In summing up the selling point of the Surface (Pro 3!), Microsoft’s Surface chief Panos Panay told media at the device launch in New York on Tuesday: “This is the tablet than can replace your laptop”.

It’s ostensibly designed to “destroy” the laptop. Panay reportedly played up a comparison with a MacBook Air on stage. The original Surface line (including the bizarre ARM processor-based RT models) simply did not know what gap it was filling. At that point, it seemed as if Microsoft had taken a look around, realized it needed to make a post PC play, and instead of articulating a clear proposition, tried a bit of everything.

The new Surface is useable on your lap (despite the previous generations being sold, but not actually capable of that). ‘Lapability’ is the word Panos used. The “Pro” stylus input stays. Again, this is the worst of both worlds. Touch plus keyboard (‘Type Cover’) with no clear delineation between the two. What do I use the keyboard for? What do I use the trackpad for? When do I just touch the screen? When do I use the stylus? Steve Jobs’s famous quote about the stylus is more apt than ever.

By defining this as the ‘next laptop’, Microsoft is taking clear aim at its OEM partner. It wants that margin, despite computers (largely) having become low-margin products as we’ve reached a state of commoditisation

(Post Nokia, Microsoft now also has the Lumia 2520 tablet to figure out a value proposition and purpose for. It’s hardly a sub-premium device.)

Pricing is telling. The base model, at $800 plus a keyboard, at US$130, costs more than a base model MacBook Air (as many have pointed out). Spinning this as cheaper than a Mac is disingenuous given the fact that the Type Cover is sold separately. Shouldn’t that be bundled into the box? What use is a laptop without a keyboard?

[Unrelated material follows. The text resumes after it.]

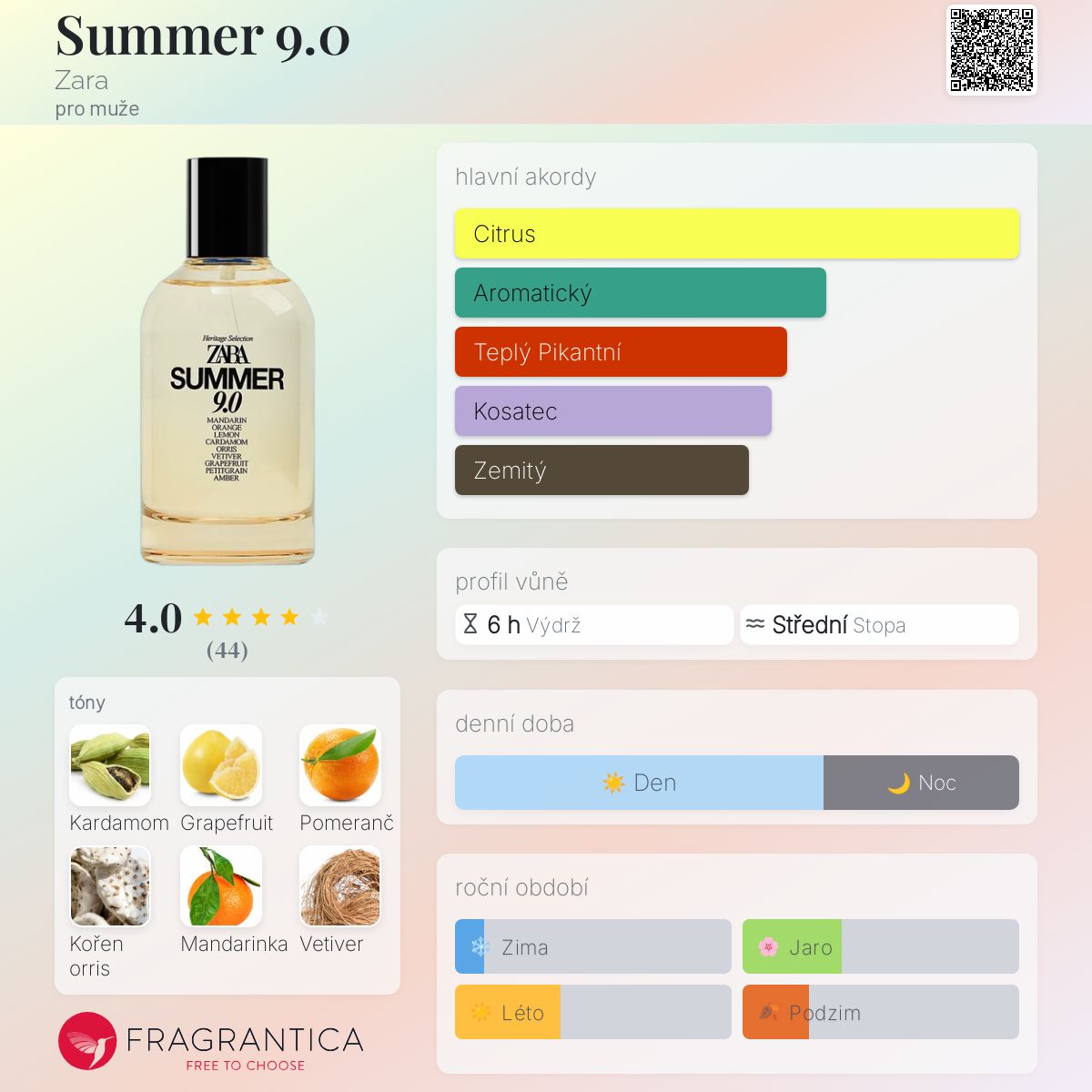 Summer 9.0 podle Zara je Citrus Aromatic vůně pro muže. Summer 9.0 byl/a uveden/a v roce 2021. "Nosem" za touto vůní je Amandine Galliano. Vrchní tóny jsou Pomeranč, Mandarinka a Citrón; střední tóny jsouKardamom, Orris a Vetiver ; základní tóny jsou Grapefruit, Petitgrain a Jantar (ambra).

The rumours about Apple’s 12 inch retina MacBook Air will only continue to get louder. That’s practically what the Surface Pro 3 is, save for a wonky, not-quite-attached keyboard. If (when?) that Mac device makes its appearance, which would you buy? Will enterprises embrace Surfaces widely? Perhaps that’s the trick up Microsoft’s sleeve?

John Gruber of Daring Fireball fame makes the point overnight: “A decade ago, it was Apple that was comparing the Mac to the PC (in the long-running John Hodgman/Justin Long “Get a Mac” campaign) — now the tables are turned.”

Is the laptop the future? Microsoft seems to think so, at least right now.